With the pictures left out, restate exactly the part below that opens with the line containing "2022年1月份,全国工业生" and closes with the line containing "설탕이 골고루 잘 녹으면 양배추, 양파를 넣고".

_Provided records:_
____

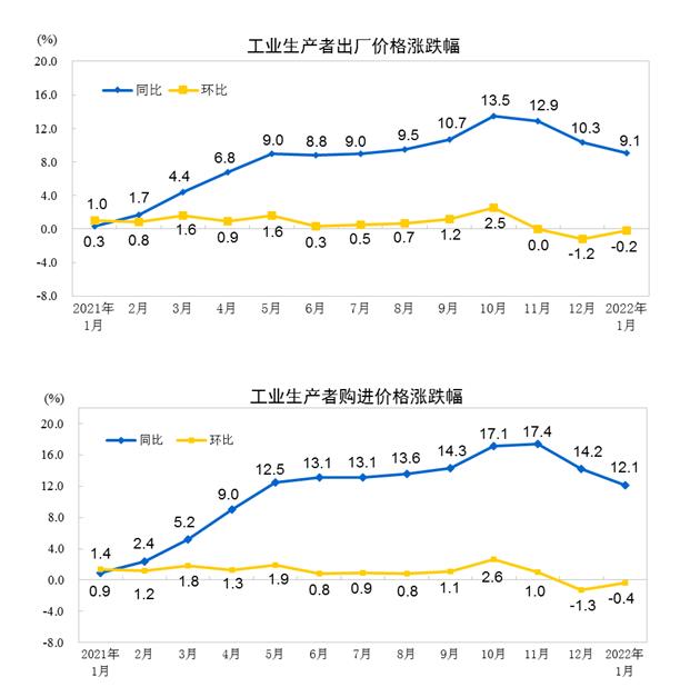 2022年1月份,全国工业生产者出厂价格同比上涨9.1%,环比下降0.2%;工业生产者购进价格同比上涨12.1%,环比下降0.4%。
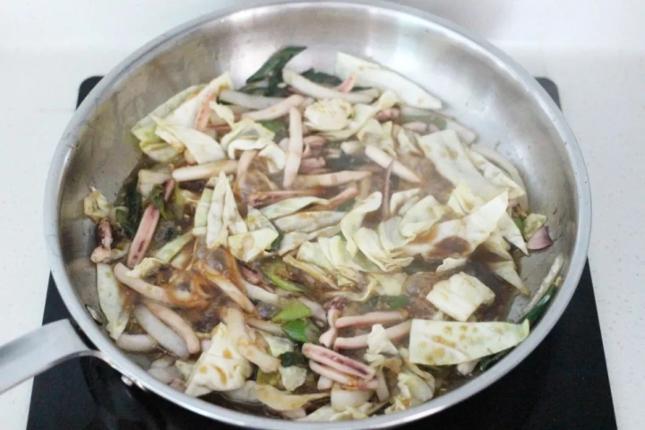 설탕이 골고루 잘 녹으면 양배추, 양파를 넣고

____

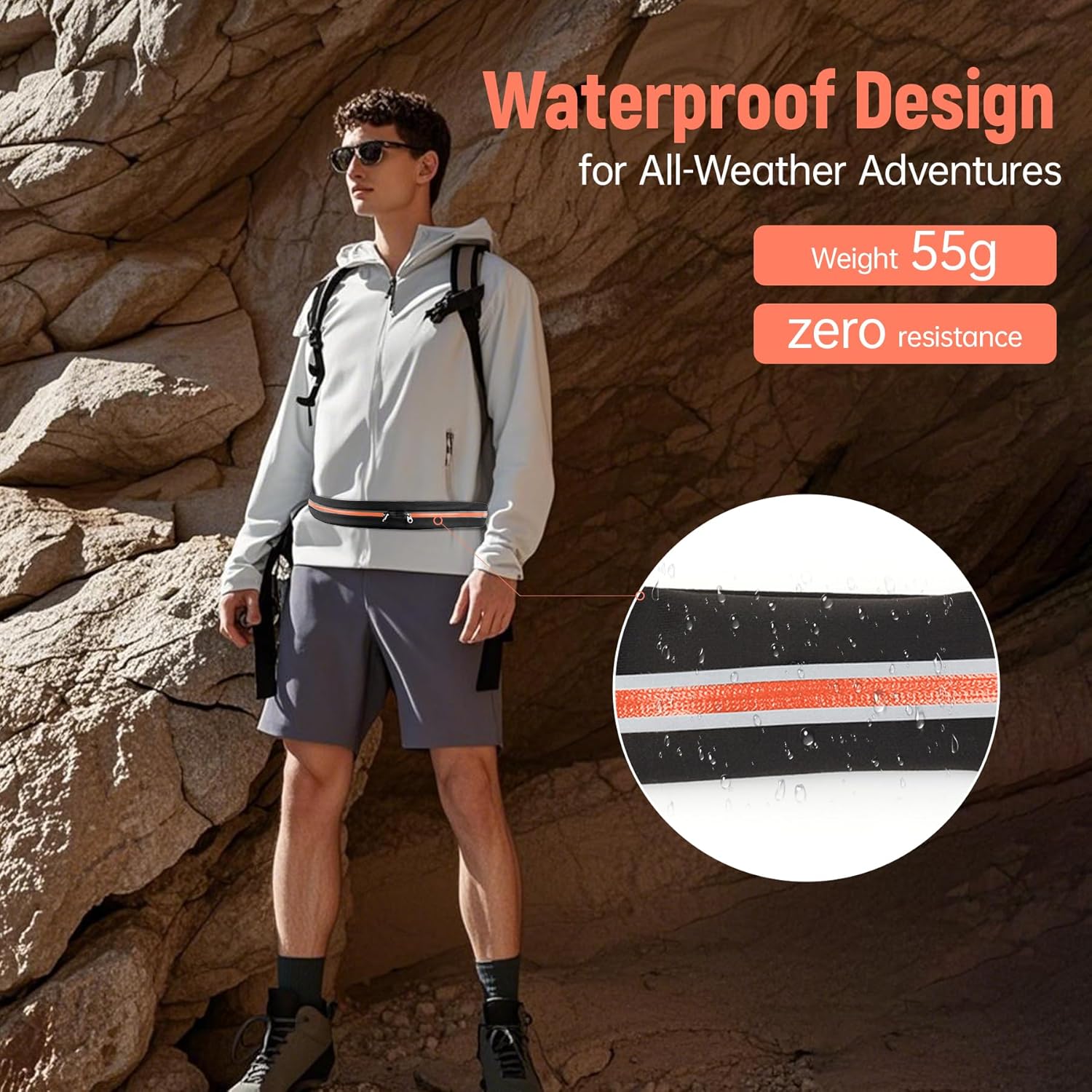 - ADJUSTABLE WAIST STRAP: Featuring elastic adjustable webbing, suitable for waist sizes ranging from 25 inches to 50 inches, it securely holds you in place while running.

____

_Expected answer:_
 2022年1月份,全国工业生产者出厂价格同比上涨9.1%,环比下降0.2%;工业生产者购进价格同比上涨12.1%,环比下降0.4%。
 설탕이 골고루 잘 녹으면 양배추, 양파를 넣고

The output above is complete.